# lm_sensors on Asus P2B, with Pentium2 400

## jpc82

I'm having problems getting lm_sensors working with my Pentium2, on an Asus P2B mobo.

Right now I have the modules loaded and everyting seems to work, but my CPU temps are not displayed.  My mobo temps, and ram size, and all other sensors seems to be displayign, but not my CPU temps.

Did the Pentium 2 400 not come with a termal sensor, or is something of mine setup wrong?

----------

## Purrkur

It is a question of wether your mobo has what it takes to report cpu temperature . I guess you got a socket 1 type of CPU there as well? I googled and found this:

"First of all, the motherboard has an excellent hardware monitoring system. It comes with the ambient case temperature sensor already installed and CPU and power supply heat sensors can be added. "

The page is here:

http://www.hardwarecentral.com/hardwarecentral/reviews/126/1/

You probably don't have the needed sensors mounted. Check out the documentation for your motherboard to check what is needed.

----------

## jpc82

I'm confused.

I thought that Intel chips had the thermal sensor built into the chip itself, and it was only the AMD chips which had the sensor built into the mobo.

When I get home I will search for the manual and see if it mentions anything.

----------

## Purrkur

Hello again jpc82/confused  :Smile: 

I think you might be confusing the thermal sensor for measuring heat to that which shuts off the cpu if heat becomes too great. In that case, I know that all new Intel CPU's have that kind of protection built in but I am unsure of your 400MHz Slot 1 Intel CPU.

OK, so here is the deal with heat sensors for CPU's on motherboards. If you have a ZIF socket CPU (that is one of those sockets with lots and lots of holes on it and a lever to lock the cpu into the socket itself), then usually the sensors is located in the middle of the ZIF socket. It usually sticks out far enaugh to measure the heat from the underside of your CPU. The values given should be considered a reference and not the real thing because you are not measuring core temperature here at all. Some say that you can increase the temperature by those sensors by 15 degrees C in order to get core temperatures. 

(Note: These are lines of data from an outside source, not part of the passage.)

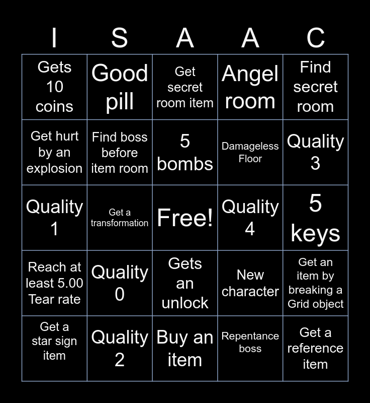 This bingo card has a free space and 34 words: Find an arcade, Repentance boss, Framiliar Item (Follows you), Orbital, Reach at least 5.00 Tear rate, Find boss before item room, Find secret room, Get a star sign item, Good pill, Bad pill, 5 bombs, Get secret room item, No Damage Boss, Say curse word, Quality 4, Quality 3, Quality 2, Quality 1, Quality 0, New character, Gets an unlock, Death, Gets 10 coins, 5 keys, Buy an item, Get a reference item, Angel room, Devil room, Damageless Floor, Get hurt by an explosion, Max hearts (Including soul hearts), Get a transformation, Get an item by breaking a Grid object and 3 champions.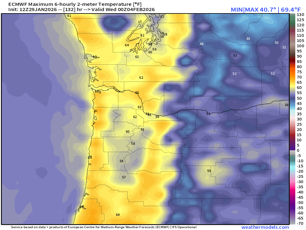 Overall, a great stretch of weather on tap next week. I feel pretty confident the nice dry weather lasts through next Friday (Feb 6th), and possibly through the 7th. Lots of mid to upper 50s, and maybe a 60° day mixed in there for mid Willamette Valley.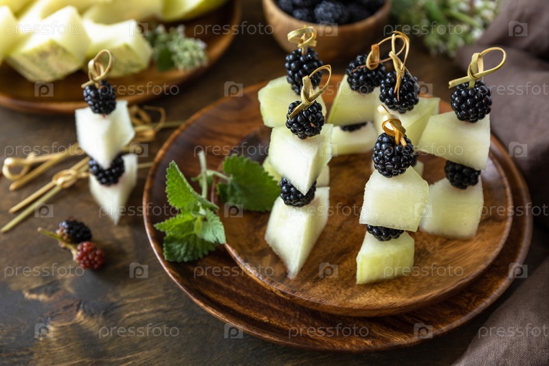 Праздничная закуска из фруктово-ягодных канапе. Еда для Хэллоуина. Канапе с дыней и ежевикой на деревянном столе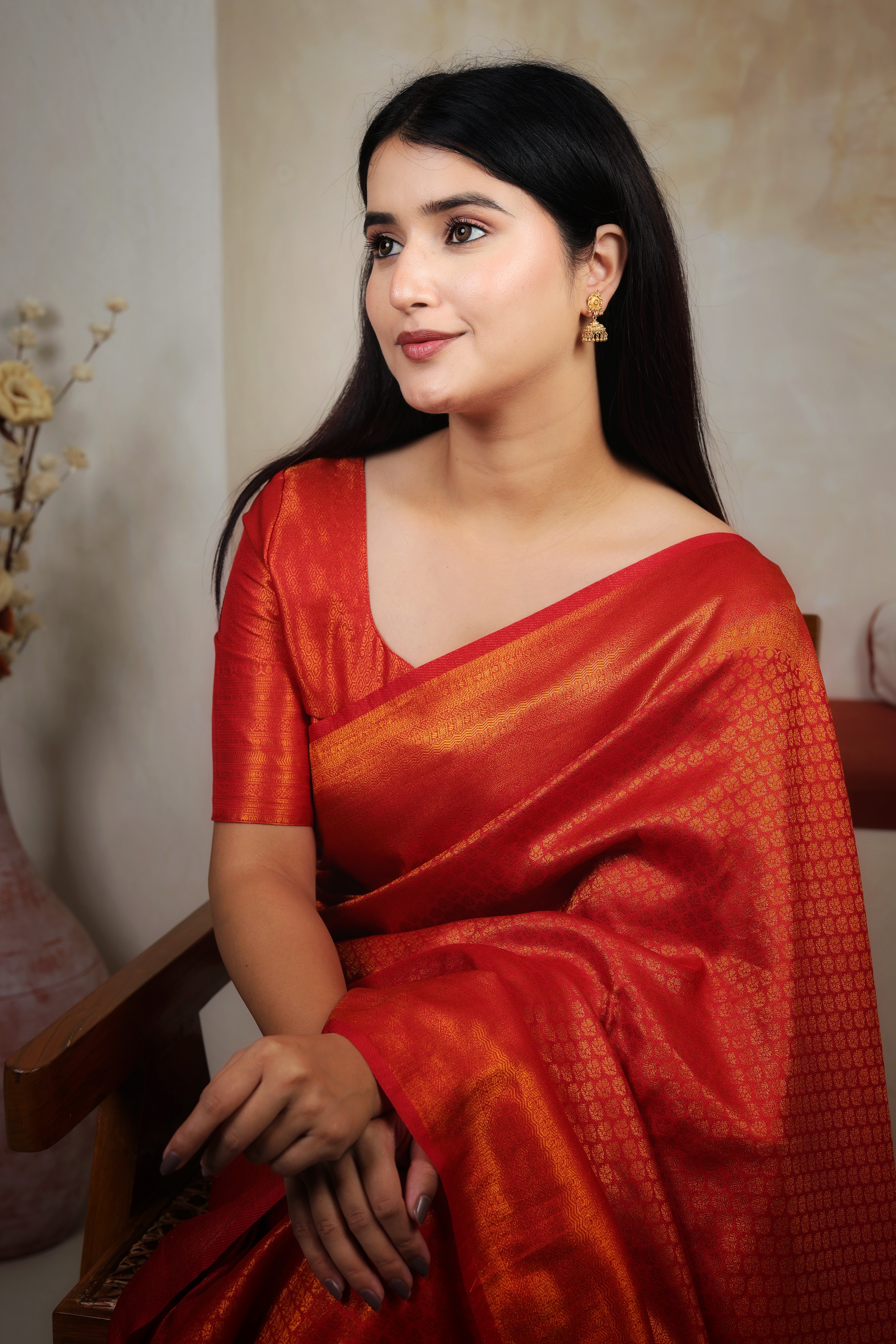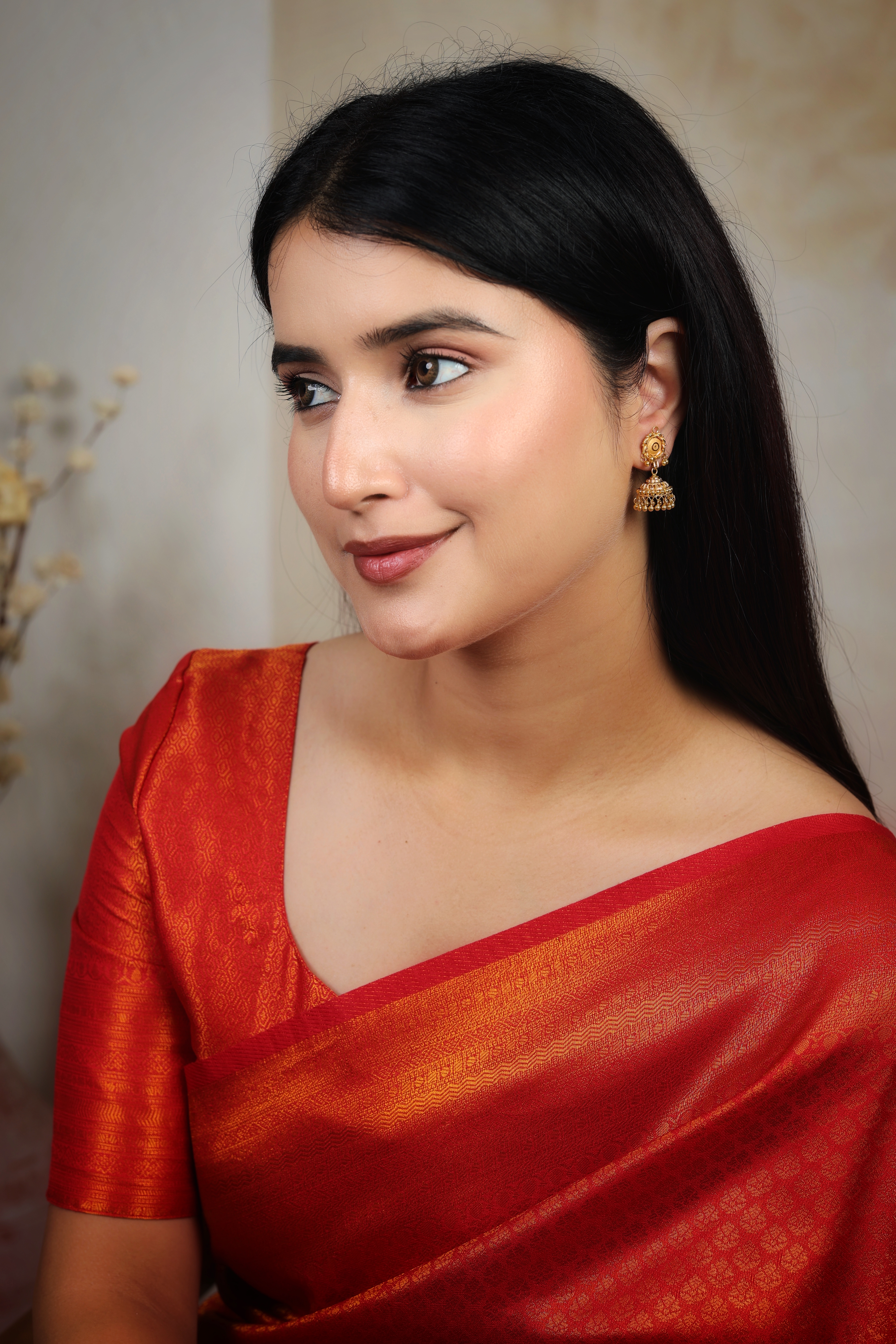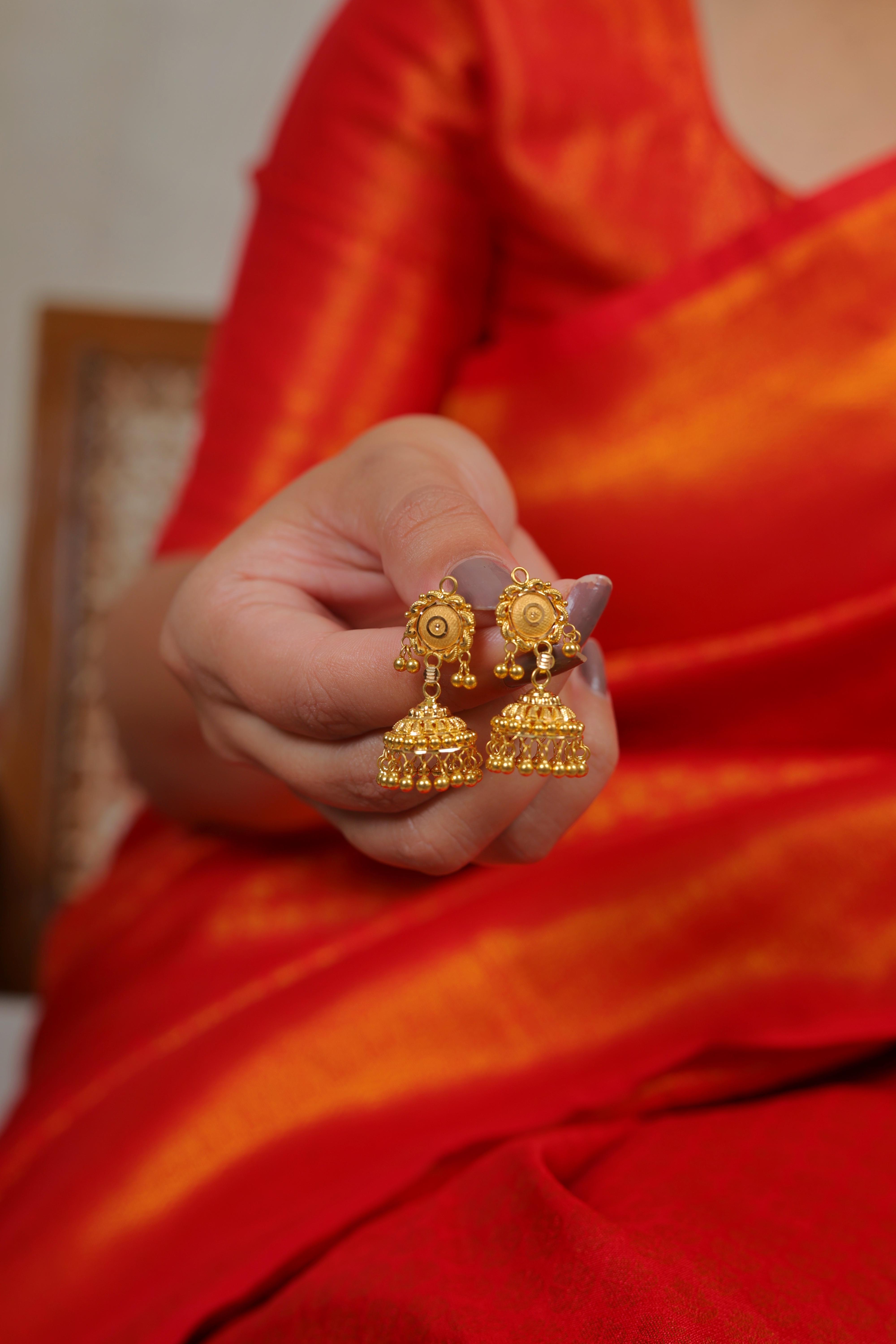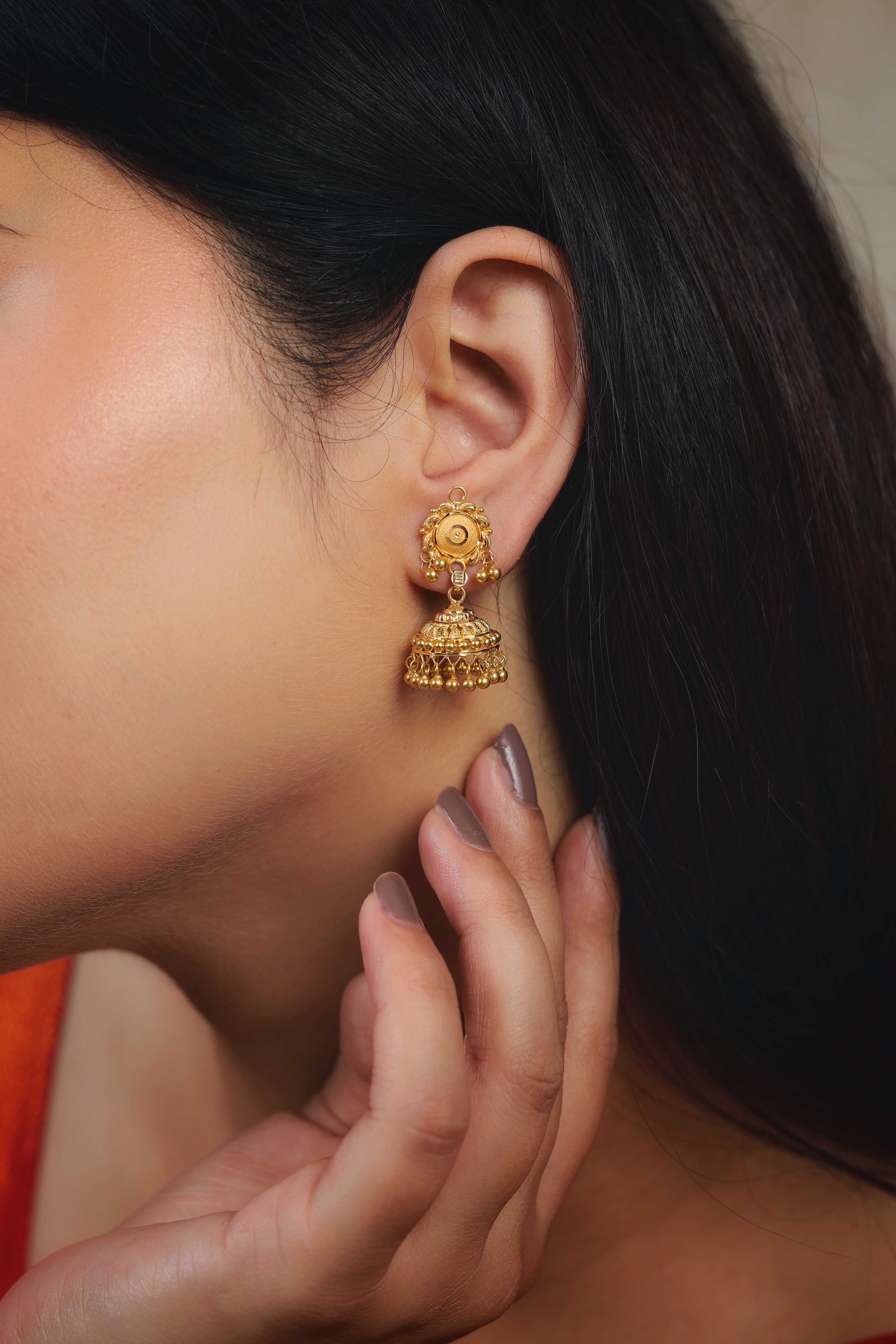 The Bell (Jhumka): The drop is a single, classic inverted bell. The surface of the bell is beautifully finished with vertical ribbing and a fine mesh-like texture, creating a rich, matte-gold shimmer. The bottom edge is finished with a neat row of dangling gold beads (ghungroos) that provide subtle movement and sparkle.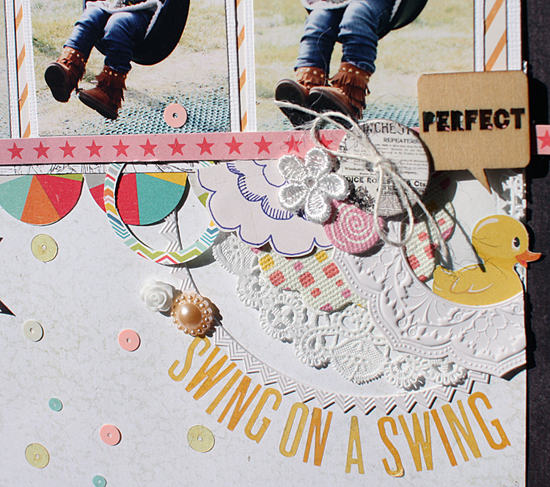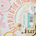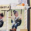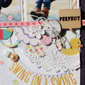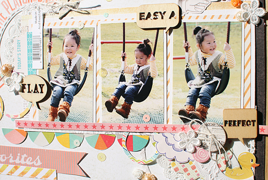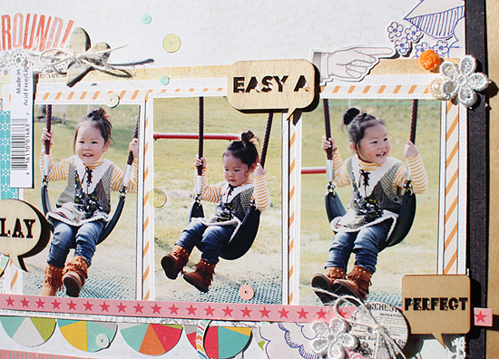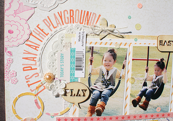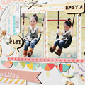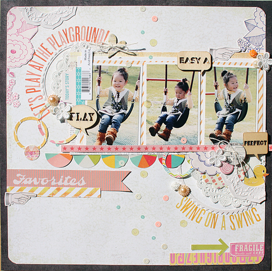 [12インチレイアウト「LET'S PLAY AT THE PLAYGROUND!」] キット内のやわらかいカラーのアイテムを集めてガーリーなレイアウトを作りました。写真周りにはサークルのステッカーをアクセントに パターンペーパーもサークルカッターでリング状にカットして ランダムに散らしています。キット内のTRANSPARENT LETTERS STICKERSとスパンコールの色味がとても良く合っていて、透け感を楽しむことができました。

Now your CPU is not a socket CPU. It is contained in it's own casing and it sticks right out of the motherboard (it is called slot 1) which means that a CPU heat sensor cannot be located on the motherboard itself like it does with CPU's mounted on a ZIF socket. So therefore, I can just imagine that motherboard manufacturers provided a sensor input somewhere on the motherboard but the heat sensor itself has to be connected to it and placed somewhere on the CPU itself for heat detection. 

Please note that I don't have any Slot 1 based computers so I took the time to download and look at the manual for the P2B board. What I found pretty much sums up what I said above  :Smile: 

Look at page 22 in the manual (ASUS Smart Thermal Solutions). There you can see that you should have a sensor cable (ASUS P2T-Cable) that has a connector plug on one side and sensor on the other. The connector goes to the sensor connector on the motherboard while the sensor itself is glued onto the Slot1 CPU. There are pictures and instructions of this in your manual that show you how it should be done.

Hope this helps.

----------

## Admiral LSD

I've just been googling and apparently Intel CPUs as early as the Deschutes Pentium 2 (which is what that 400Mhz one should be, Deschutes P2's are the ones with the 100Mhz FSB) have had internal thermal monitoring diodes. This would explain why my old AX6BC was able to report the CPU temperature. Assuming this info is accurate, my guess would be that the P2B is just too old to support these meaning you'll either have to find the sensor cable or do without CPU temp monitoring.

----------

## jpc82

Admiral LSD`:

I really dont' think that this mobo is too old to have thermal support since the bios has a spot to view the current CPU temperater.  However, the value is N/A.

Purrkur:

As Admiral LSD` stated slot 1 CPU's can have thermal temp monitoring diodes built in, I even have an other PC which is slot 1 on a different mobo which has temp stats.  I wanted to try out this working CPU in the P2B, but they are not compatible.  Also, as far as I know only AMD chips have the thermal diode in the middle of the ZIF socket since they don't have on built into the CPU.  If you look at p3/p4 mobo's which support thermal stats you will not find one in the ZIF slot since they are actually built into the CPU.

Also, I looked over my manual and noticed it mentioned that it had a thermal sensor plug, however it didn't mention that it was suposed to be used for the CPU.  Maybe my manual is out of date, I will try downloading the current one from Asus when I get home.

Also, thanks for all the help and tips.

----------

## Admiral LSD

 *jpc82 wrote:*   

> Admiral LSD`:
> 
> I really dont' think that this mobo is too old to have thermal support since the bios has a spot to view the current CPU temperater.  However, the value is N/A.

 

That's not what I meant. What I meant was that the board is too old to support reading of the diode inside the chip itself. It relies totally on the data provided to it by the external thermal sensor. Since you don't have that sensor the reading is stuck at N/A.

----------

## jpc82

I must not have been clear.

I completly understude what you ment.  Thats why when I get a chance I will download the latest P2B manual to see if they explain it better then what my current one does, since the one that Purrkur found seems to explain it more clearly.

What I was saying is that I know that the CPU has suport for themal stats(whether the data comes from the CPU, or an exteranl sensors is another story), since that spot is there in the BIOS

----------

## Purrkur

jpc82: I gotta go with Admiral LSD' on this one. In my second post I wrote that the manual mentions a heat sensor on a sensor cable glued to the CPU. However, I failed to give you the location of the manual that I look at so here goes:

http://www.asuscom.de/pub/ASUS/mb/slot1/440bx/p2b/p2b(pcb1.02).pdf

I hope it provides what you are looking for.

----------

## jpc82

Thanks for all your help guys.

I have looked over the manual on asus's site and its completly diferent then the one I have, even the board is a little different, must be a newer revision

Looks like I will have to live without thermal stats on my CPU

----------